Donald Trump swept back into the White House this year promising, among other things, retribution against his perceived enemies. Nine months later, the unprecedented scope of that pledge – or threat – is fully taking shape.

Trump has vocally encouraged his attorney general to target political opponents. He has suggested the government should revoke TV licenses to bring a biased mainstream media to heel. He has targeted law firms he sees as adversaries, pulling government security clearances and contracts.

His moves have been conducted with the kind of open zeal – brazenness, his critics say – that might belie how dramatic and norm-shattering they are.

His demand a week ago that the Justice Department prosecute a handful of named political opponents, for instance, is the kind of thing that, when it was discussed in private and revealed in Oval Office recordings a half-century ago, prompted a bipartisan outcry that led to Richard Nixon's resignation as president.

Now it is just a blip in the weekly news cycle. And the pace at which Trump is expanding presidential authority in order to impose his will is, if anything, accelerating.

On Thursday, Trump signed an order on 'domestic terrorism and political violence', saying it would be used to investigate 'wealthy people' who fund 'professional anarchists and agitators'. He suggested liberal billionaires George Soros and LinkedIn founder Reid Hoffman could be among them.

Then hours later, Trump's Justice Department announced it had indicted James Comey, the former FBI director and Trump critic whom the president had said was 'guilty as hell' days earlier.

Trump has justified a looming crackdown on left-wing groups by pointing to two recent, and shocking, acts of violence. First, the killing of conservative activist Charlie Kirk on a college campus, and then this week's gun attack targeting immigration agents in Dallas, in which two migrant detainees were wounded, and one killed.

The president says his broader blitz of action is necessary, and urgent. The investigations of political opponents, he says, are about targeting law-breakers and members of the 'deep state' who undermined his first presidential term.

The mainstream media, in the view of his MAGA coalition, should be held to account over alleged bias and 'fake news'. Private businesses weakened by diversity policies and political corruption require the firm hand of government to set them straight.

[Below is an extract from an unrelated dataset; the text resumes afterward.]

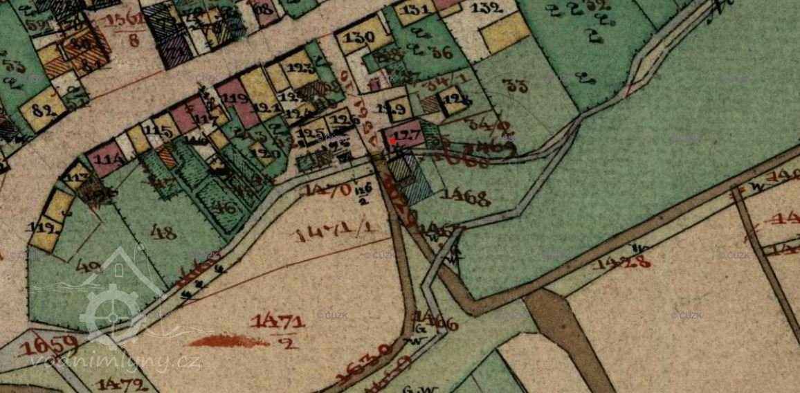 náhon-stavidlo-vantroky-lednice-odtokový kanál. Dnes zaniklé.

During the Democrat's four years in office, Trump was indicted four times and convicted once. Several of his close aides – including former 2016 campaign chair Steve Bannon and trade adviser Peter Navarro – were prosecuted and imprisoned for contempt of Congress. Others were indicted for their alleged role in attempting to overturn the 2020 presidential election.

The Biden White House directed social media companies to restrict what it characterized as harmful speech during the Covid pandemic. And the president attempted to expand presidential powers to implement his agenda, including student loan forgiveness, vaccine mandates, protection of transgender rights in public schools, and environmental regulation.

While Trump was prosecuted, only two of the cases were brought by the federal government and both by a special prosecutor set up to be independent of Biden's justice department.

Biden, unlike Trump, remained largely silent about the cases. Many of Biden's executive actions were undone by the Supreme Court, which so far has given Trump a free hand to operate.

Underlying the entirety of the debate about presidential power and 'retribution' has been a fundamental disagreement between Biden and Trump over the nature of the existential dangers facing America and the world.